----- DATA -----

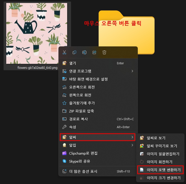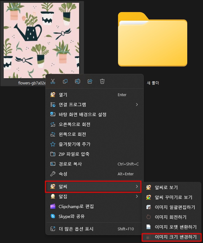 jpeg jpg 변환 방법과 마찬가지로 알씨를 이용해 이미지 크기를 변경해보겠습니다. 위치는 같고 크기 변경하기를 선택합니다.
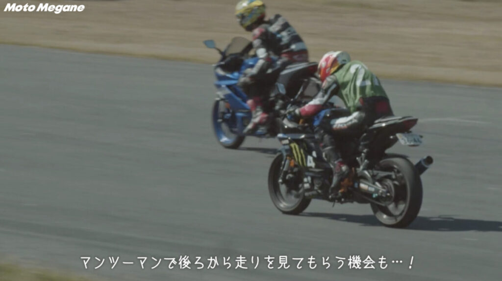 そうしてペースの上がってきた午後の走行は一段と速度域も上がり、コースからは排気音やエンジン音だけでなく、ニースライダーが擦れる音もそこかしこに聞こえてくる。こうして同じクラスのバイクによる、より質の良い走りを身近で見ることができるからこそ、レベルの高い走行にもどんどん挑戦していくことができるというのもサーキットチャレンジならではなのかもしれない。
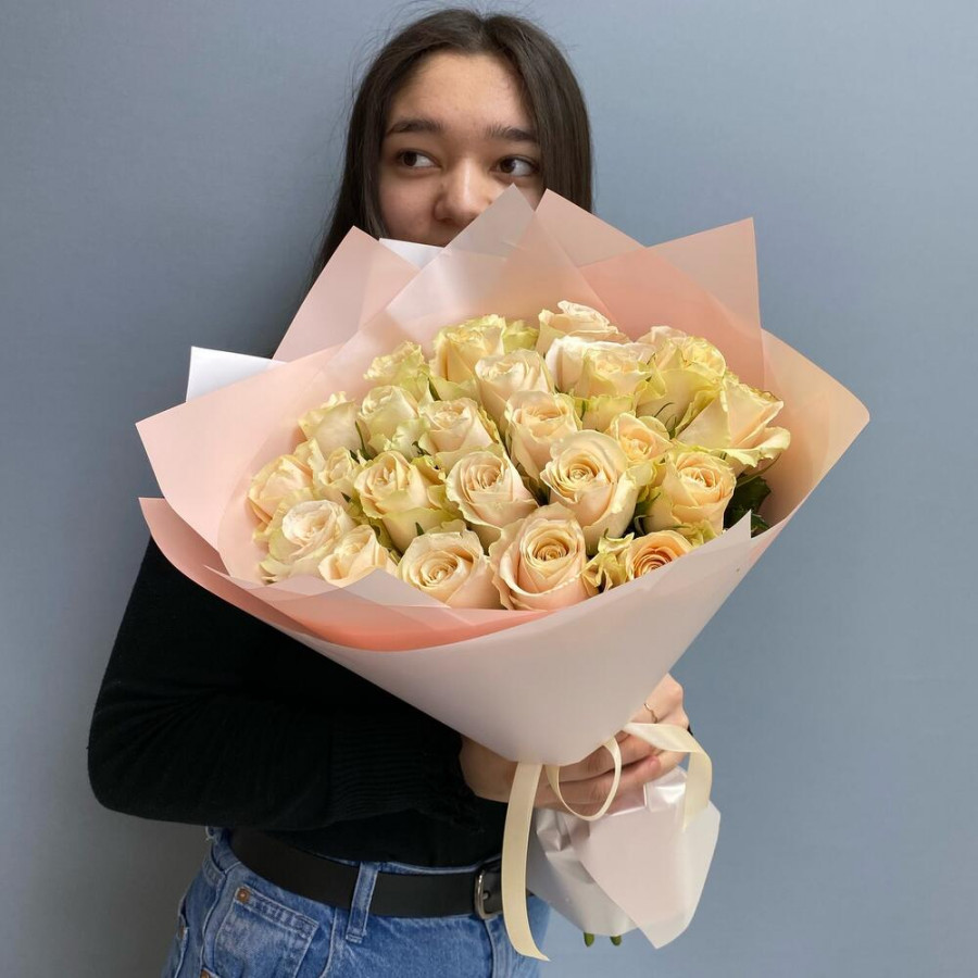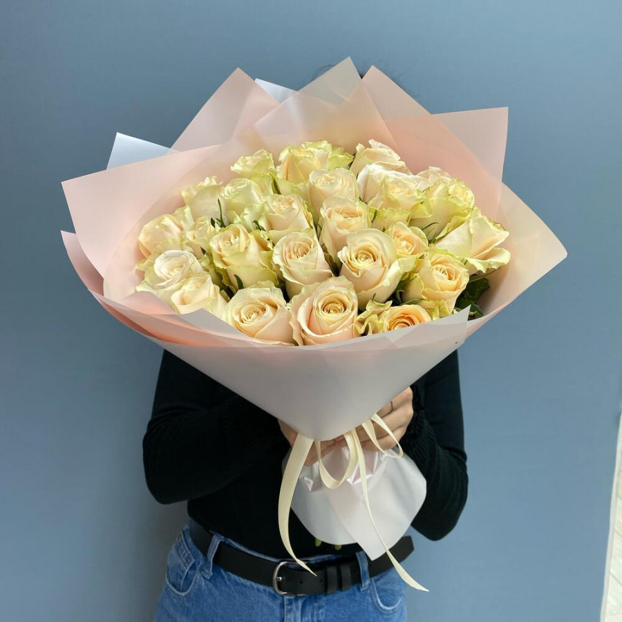 На фото букет из 25 кремовых роз. В составе: роза 25 шт, дизайнерская упаковка 2 шт, атласная лента 2 шт, . Все цветы свежие и ароматные, букет красиво оформлен и отлично подходит для подарка. Доступна доставка цветов или самовывоз.

-----

• WHAT YOU ARE ASKED TO DO:
Retype the whole of the data verbatim. Skip every picture.

• COMPLETED EXERCISE:
 jpeg jpg 변환 방법과 마찬가지로 알씨를 이용해 이미지 크기를 변경해보겠습니다. 위치는 같고 크기 변경하기를 선택합니다.
 そうしてペースの上がってきた午後の走行は一段と速度域も上がり、コースからは排気音やエンジン音だけでなく、ニースライダーが擦れる音もそこかしこに聞こえてくる。こうして同じクラスのバイクによる、より質の良い走りを身近で見ることができるからこそ、レベルの高い走行にもどんどん挑戦していくことができるというのもサーキットチャレンジならではなのかもしれない。
 На фото букет из 25 кремовых роз. В составе: роза 25 шт, дизайнерская упаковка 2 шт, атласная лента 2 шт, . Все цветы свежие и ароматные, букет красиво оформлен и отлично подходит для подарка. Доступна доставка цветов или самовывоз.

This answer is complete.